Interferon Gamma (IFNγ) Interferes with the Effects of Tyrosine Kinase Inhibitors (TKI) In CML Cells.

Chronic myeloid leukemia (CML) is a myeloproliferative disease which resolves in the constitutive activity of the BCR-ABL protein. Since the introduction of imatinib as first line therapy for CML, the overall survival of patients could be significantly extended. However, mutations of the BCR-ABL protein and environmental effects mediated by adhesion molecules, cytokines and growth factors were shown to induce resistance to TKIs. For the development of immunotherapeutic approaches that combine TKIs with vaccination strategies or donor lymphocyte infusions it is important to understand the mechanisms of possible interactions and inhibition. Therefore, we thought to determine the role of activated T cells and to analyze a possible antiapoptotic effect of released IFNγ on the CML cells.

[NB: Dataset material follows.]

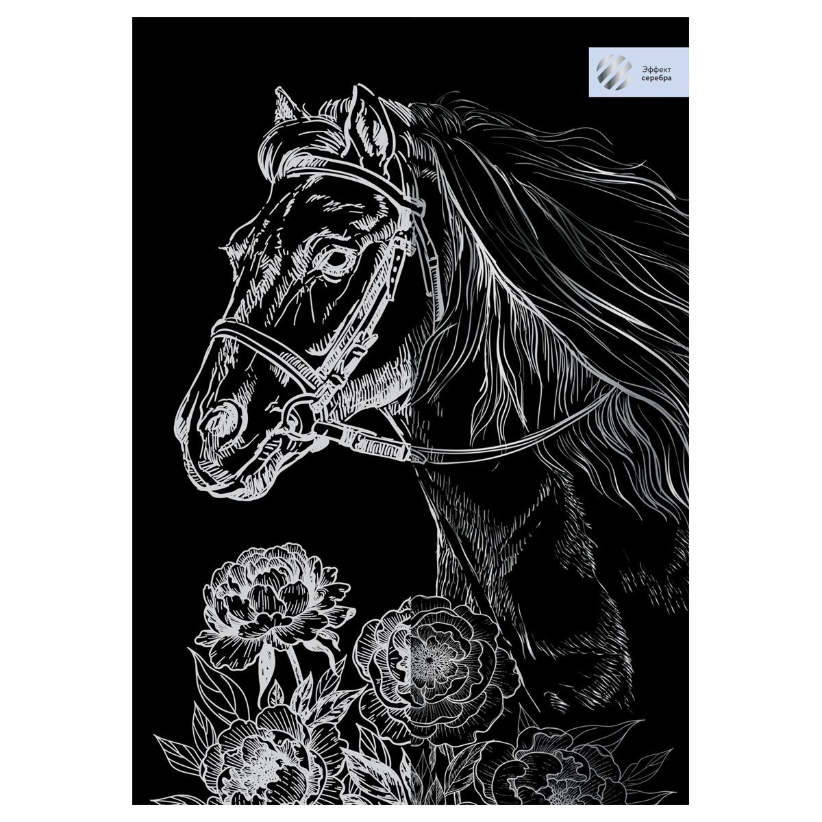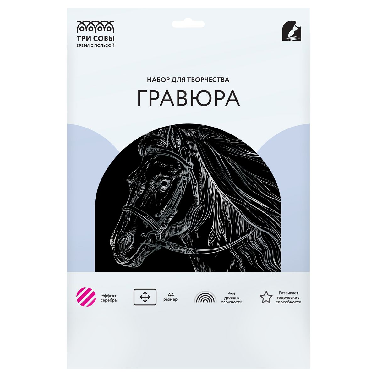 Гравюра с эффектом серебра ТРИ СОВЫ "Лошадь", А4

CML cell lines and primary cells from patients with CML were treated with imatinib or nilotinib and incubated with activated (PMA/ionomycin) or resting T cells in transwell experiments. Induction of apoptosis was analyzed by flow cytometry. In addition, IFNγ was used together with TKIs and apoptotic cell death and proliferation was determined. Immunoblotting was performed to analyze the involved pathways.

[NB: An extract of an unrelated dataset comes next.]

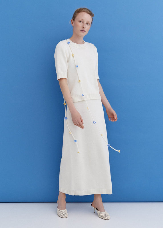 Knitted set including a white short sleeved top and a maxi skirt. Crafted from low-impact ZERO® cotton – it’s soft, natural, and feels light on the body and gentle on the skin.

Incubation of CML cells in transwell assays with activated but not resting T lymphocytes resulted in significant inhibition of the apoptosis induction by imatinib and nilotinib. To further determine the mechanisms mediating these effects, CML cells were treated with IFNγ in addition to the TKIs. In line with the results from previous experiments, IFNγ reduced the rate of cell death and proliferation inhibition mediated by imatinib and nilotinib. Interestingly, in contrast to IFNα, IFNγ inhibited the TKIs induced downregulation of MHC-class I molecules on CML cells. In line with these results, Western blot analysis of K-562 cells incubated with imatinib or nilotinib showed an increased caspase-3 activation and PARP cleavage as well as reduced down regulation of anti-apoptotic molecules such as xIAP as compared to IFNγ treated cells. Furthermore, we observed a diminished TKI induced downregulation of Jak-2 and STAT-5 phosphorylation as well as increased nuclear expression of RUNX-1 in cells treated with IFNγ.

Our results demonstrate that IFNγ released by activated T-cells can interfere with the action of TKIs in CML patients and might have important implications in the development of immunotherapeutic approaches.

No relevant conflicts of interest to declare.